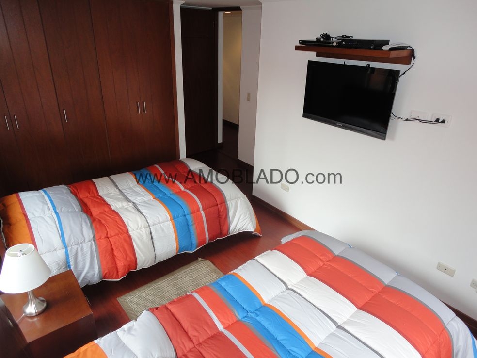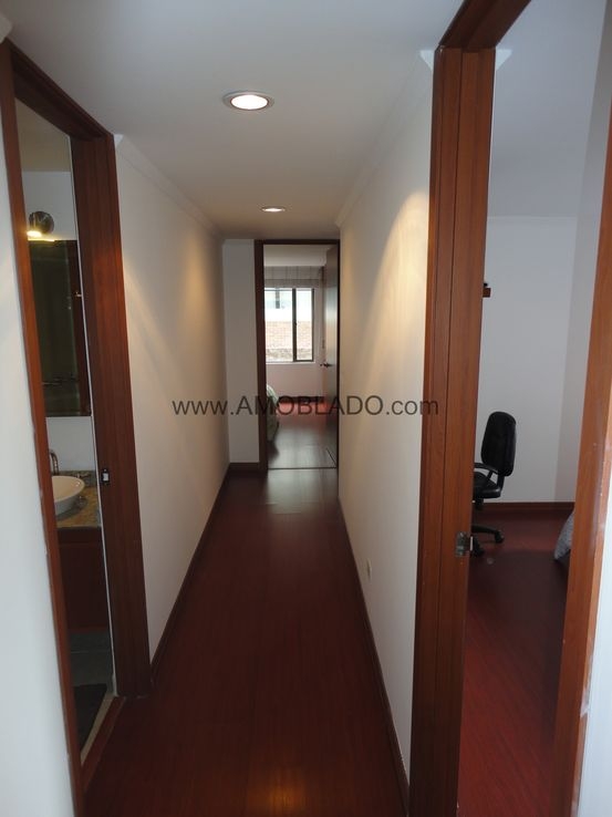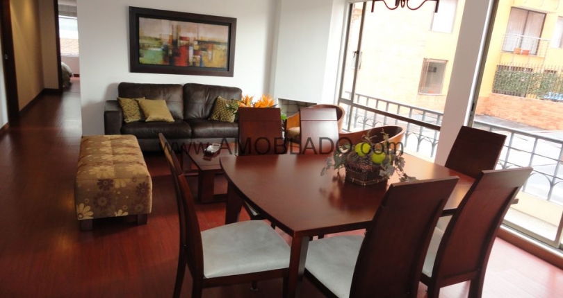 Lindo apartamento completamente amoblado y equipado ubicado en el barrio San Patricio de Bogotá. Por su accesibilidad y por su ubicación estratégica es uno de los barrios de estrato seis con mayor auge de crecimiento en la ciudad, gracias a su cercanía al Centro Empresarial Santa Bárbara.
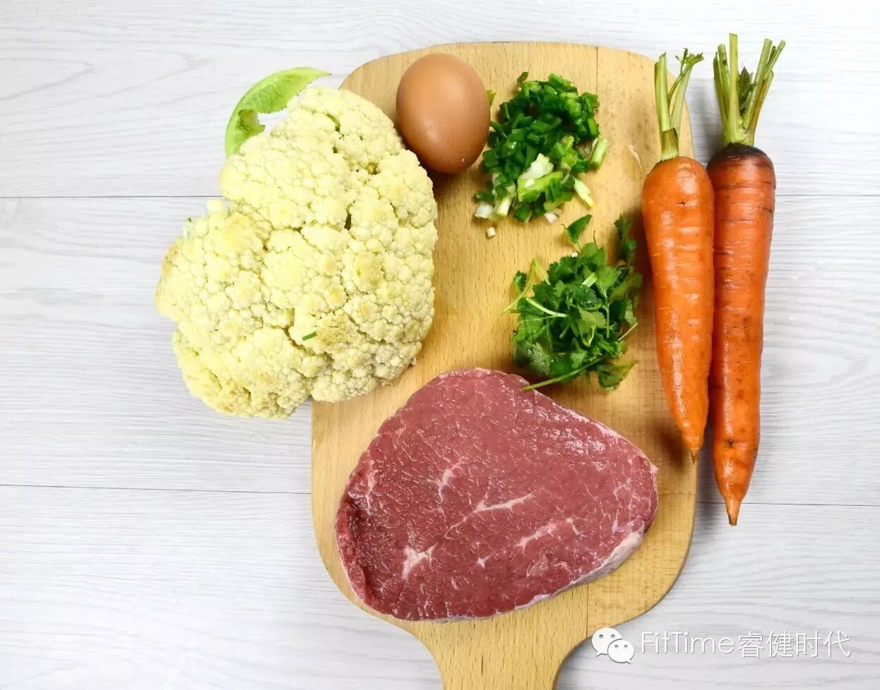 主食材:牛肉240g,西兰花320g,鸡蛋1个,胡萝卜,香菜,小葱。
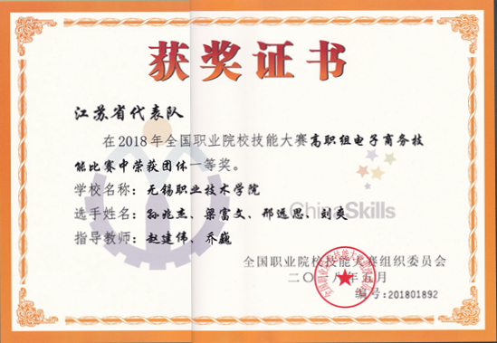 电子商务技能赛项共有来自全国的86支职业院校代表队同场竞技,要求各参赛队根据主题模拟网店运营环境,完成开店装修设计、客户服务、网店运营三个环节的相关任务,选手不仅在要参赛系统中开设符合要求的中英文网店,还需在规定时间内回答客户所提出的问题,并通过网络PK调整经营策略,对客户进行引流和转化,抢占市场份额。我院参赛队由管理学院孙兆杰、邢远思、刘爽,艺术与设计学院梁富文同学组成,赵建伟、乔巍老师指导,前期经历了省赛、选拔赛等环节,以选拔赛第一名的成绩代表江苏参加此次国赛。在赛前努力训练的基础上,选手现场分工合作、发挥稳定,经过7个半小时的角逐,最终名列前三,获得一等奖。赵建伟、乔巍老师被评为大赛优秀指导教师。
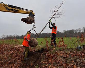 Das Versprechen wurde gehalten und diese Woche begann schließlich die Bepflanzung der Westseite der L140. Dort werden 55 Bäume und damit mehr als doppelt so viele Linden, wie vor der Sanierung, neu gepflanzt.
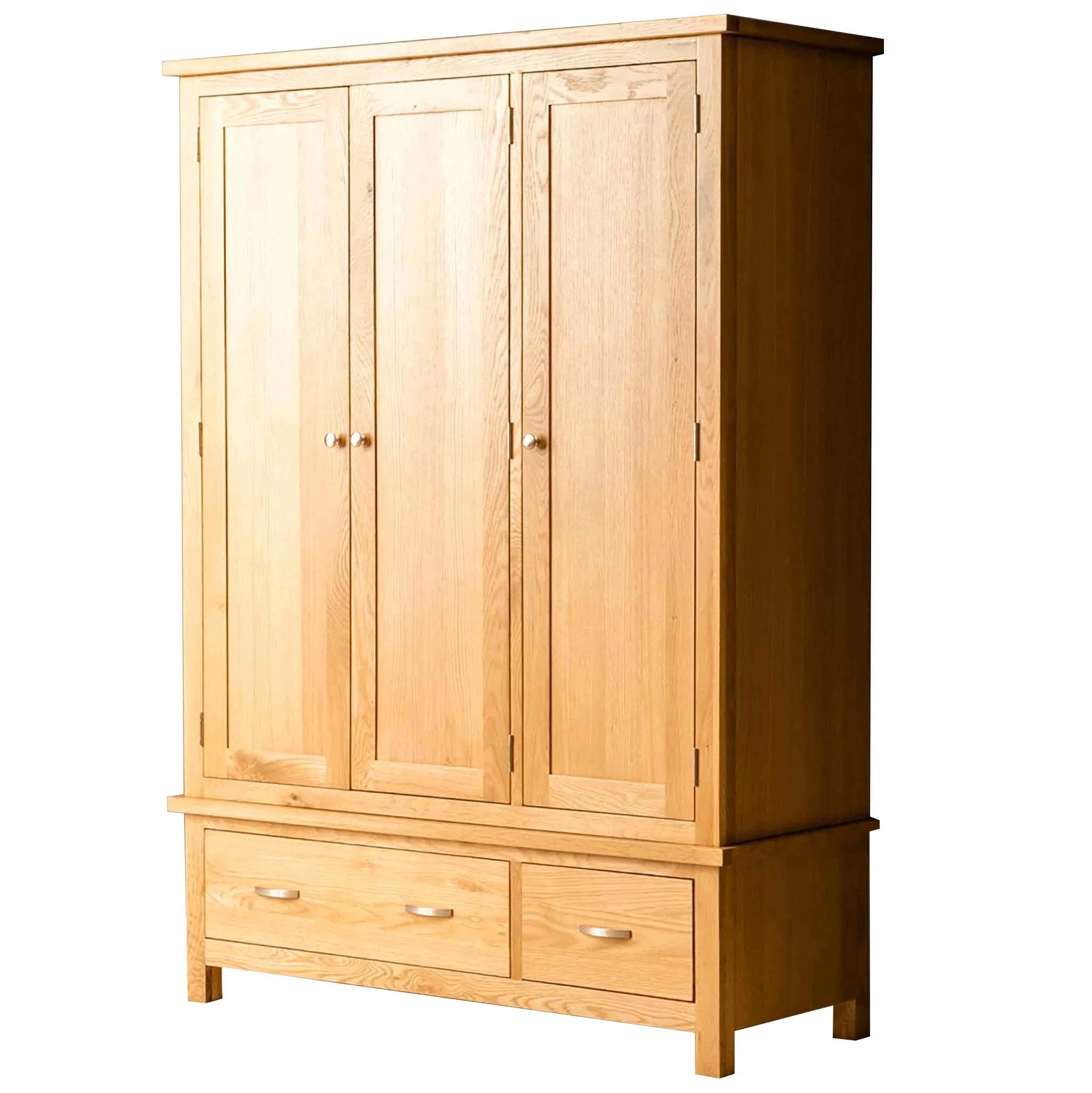 - This light oak triple wardrobe provides plenty of hanging space.
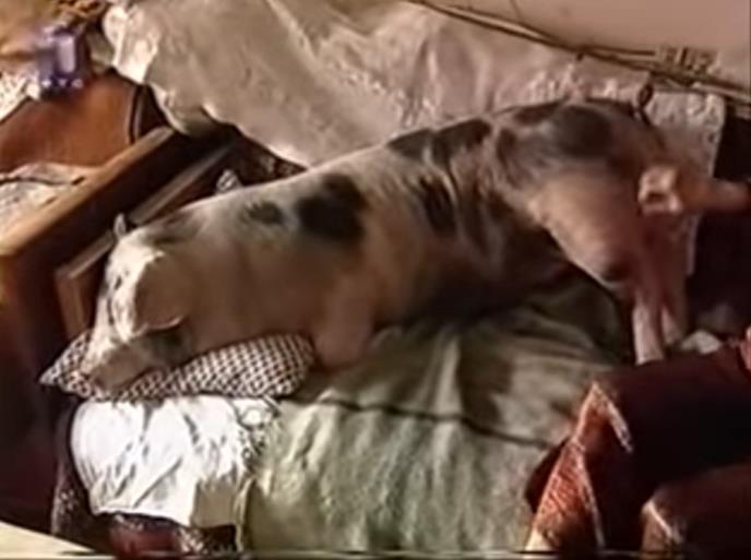 Baka s Banovog brda tada je pred kamerama pokazala i kako je njena Cica poslušna i kako njeno prasence, koje je polako raslo u krmaču, ume na komandu lepo da legne na krevet pa još stavi i glavu na jastuk.
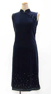 しなやかな肌触りが魅力のベロア地でチャイナドレス風の着やすいワンピースを作りました。伸縮性のある生地が大変着心地良く、女性らしいシルエットに仕上がっています。シンプルなデザイン+裾のラメペイントが上品な美しさ!オーガンジーなどのショールやボレロを羽織って、ぜひパーティーにお出掛けください。
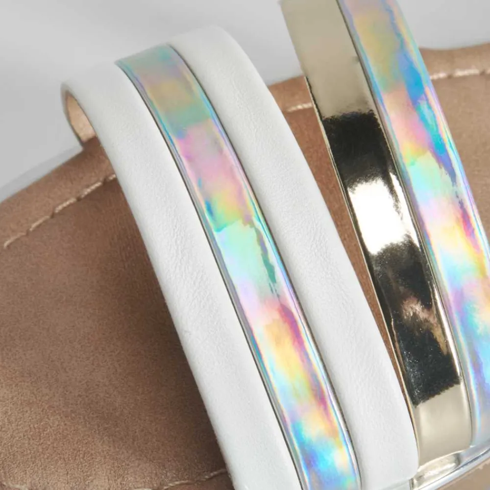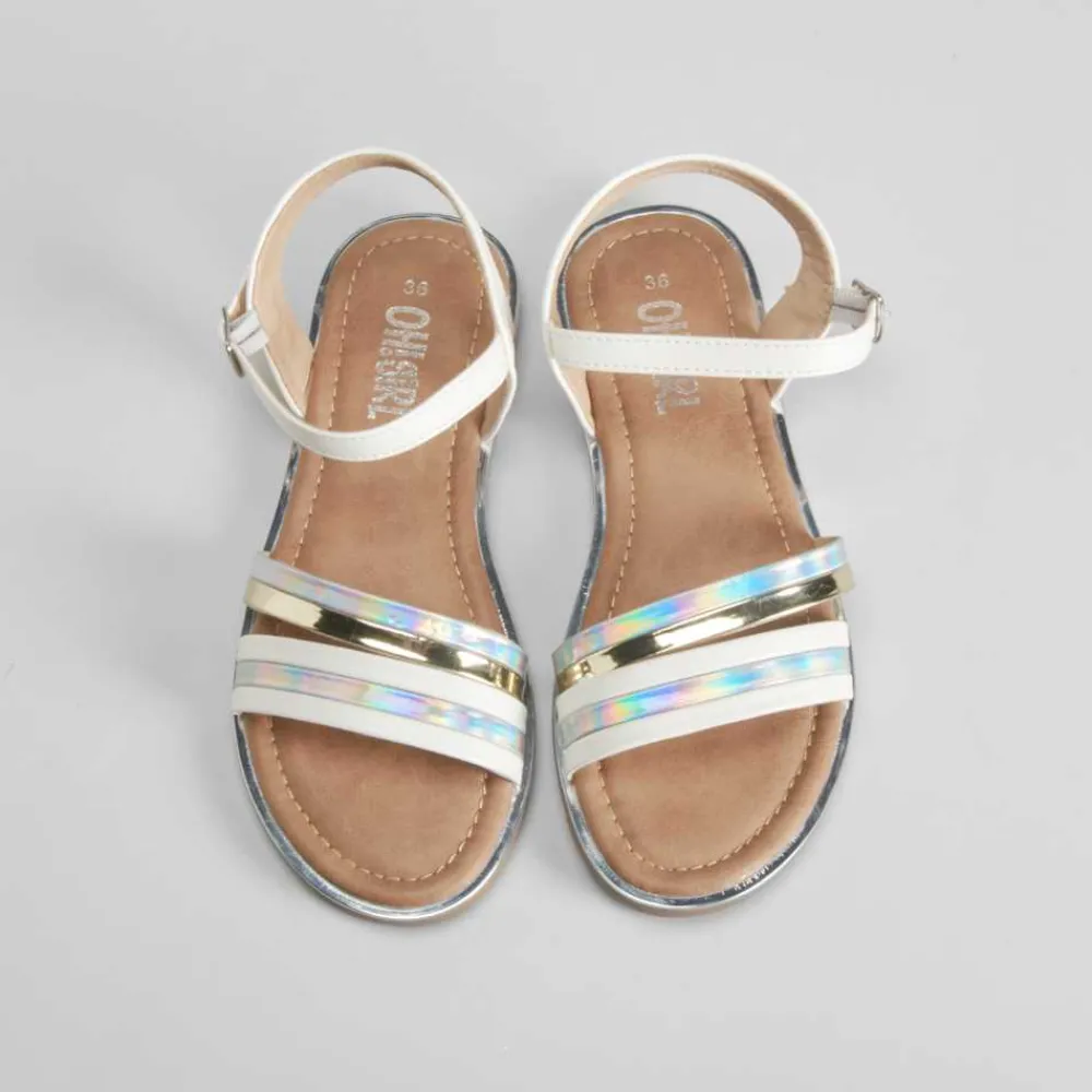 Sandalia blanca infantil de la marca OH GIRL. Pala combinada con tiras metalizadas e iridiscentes. Cierre de hebilla.
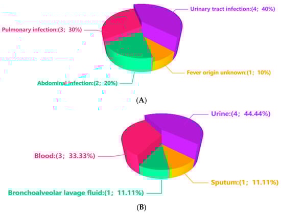 Infection sites and specimen types. (A) shows the infection site among the 9 cases. (B) shows the specimen type among the 9 samples.
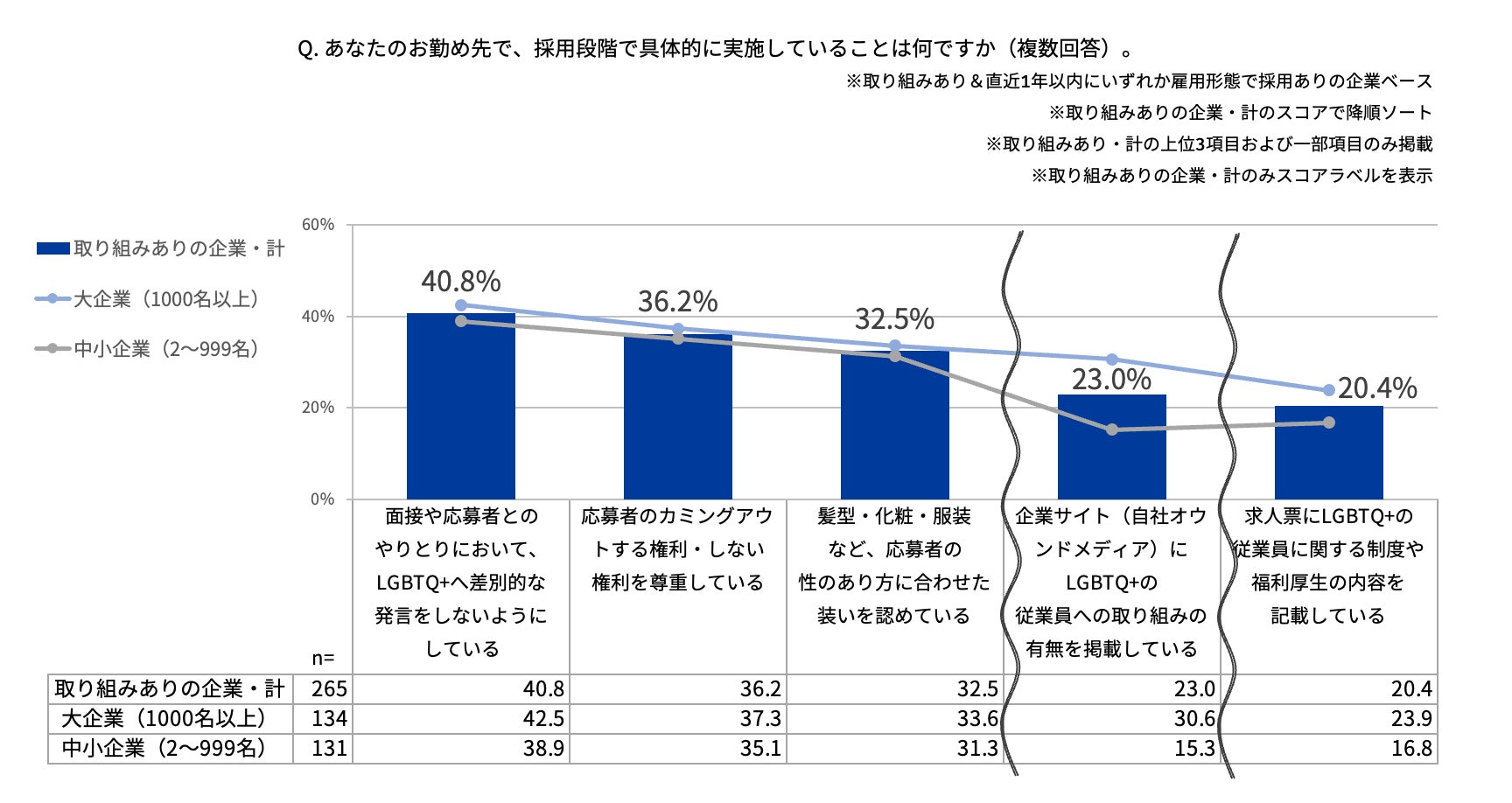 取り組み実施企業のうち、「面接や応募者とのやりとりにおいて、LGBTQ+当事者への差別的な発言をしないようにしている」が40.8%で最多。
....
→ TASK PROMPT:
Without any pictures, output the entries above exactly as they appear.

→ ANSWER SECTION:
 Lindo apartamento completamente amoblado y equipado ubicado en el barrio San Patricio de Bogotá. Por su accesibilidad y por su ubicación estratégica es uno de los barrios de estrato seis con mayor auge de crecimiento en la ciudad, gracias a su cercanía al Centro Empresarial Santa Bárbara.
 主食材:牛肉240g,西兰花320g,鸡蛋1个,胡萝卜,香菜,小葱。
 电子商务技能赛项共有来自全国的86支职业院校代表队同场竞技,要求各参赛队根据主题模拟网店运营环境,完成开店装修设计、客户服务、网店运营三个环节的相关任务,选手不仅在要参赛系统中开设符合要求的中英文网店,还需在规定时间内回答客户所提出的问题,并通过网络PK调整经营策略,对客户进行引流和转化,抢占市场份额。我院参赛队由管理学院孙兆杰、邢远思、刘爽,艺术与设计学院梁富文同学组成,赵建伟、乔巍老师指导,前期经历了省赛、选拔赛等环节,以选拔赛第一名的成绩代表江苏参加此次国赛。在赛前努力训练的基础上,选手现场分工合作、发挥稳定,经过7个半小时的角逐,最终名列前三,获得一等奖。赵建伟、乔巍老师被评为大赛优秀指导教师。
 Das Versprechen wurde gehalten und diese Woche begann schließlich die Bepflanzung der Westseite der L140. Dort werden 55 Bäume und damit mehr als doppelt so viele Linden, wie vor der Sanierung, neu gepflanzt.
 - This light oak triple wardrobe provides plenty of hanging space.
 Baka s Banovog brda tada je pred kamerama pokazala i kako je njena Cica poslušna i kako njeno prasence, koje je polako raslo u krmaču, ume na komandu lepo da legne na krevet pa još stavi i glavu na jastuk.
 しなやかな肌触りが魅力のベロア地でチャイナドレス風の着やすいワンピースを作りました。伸縮性のある生地が大変着心地良く、女性らしいシルエットに仕上がっています。シンプルなデザイン+裾のラメペイントが上品な美しさ!オーガンジーなどのショールやボレロを羽織って、ぜひパーティーにお出掛けください。
 Sandalia blanca infantil de la marca OH GIRL. Pala combinada con tiras metalizadas e iridiscentes. Cierre de hebilla.
 Infection sites and specimen types. (A) shows the infection site among the 9 cases. (B) shows the specimen type among the 9 samples.
 取り組み実施企業のうち、「面接や応募者とのやりとりにおいて、LGBTQ+当事者への差別的な発言をしないようにしている」が40.8%で最多。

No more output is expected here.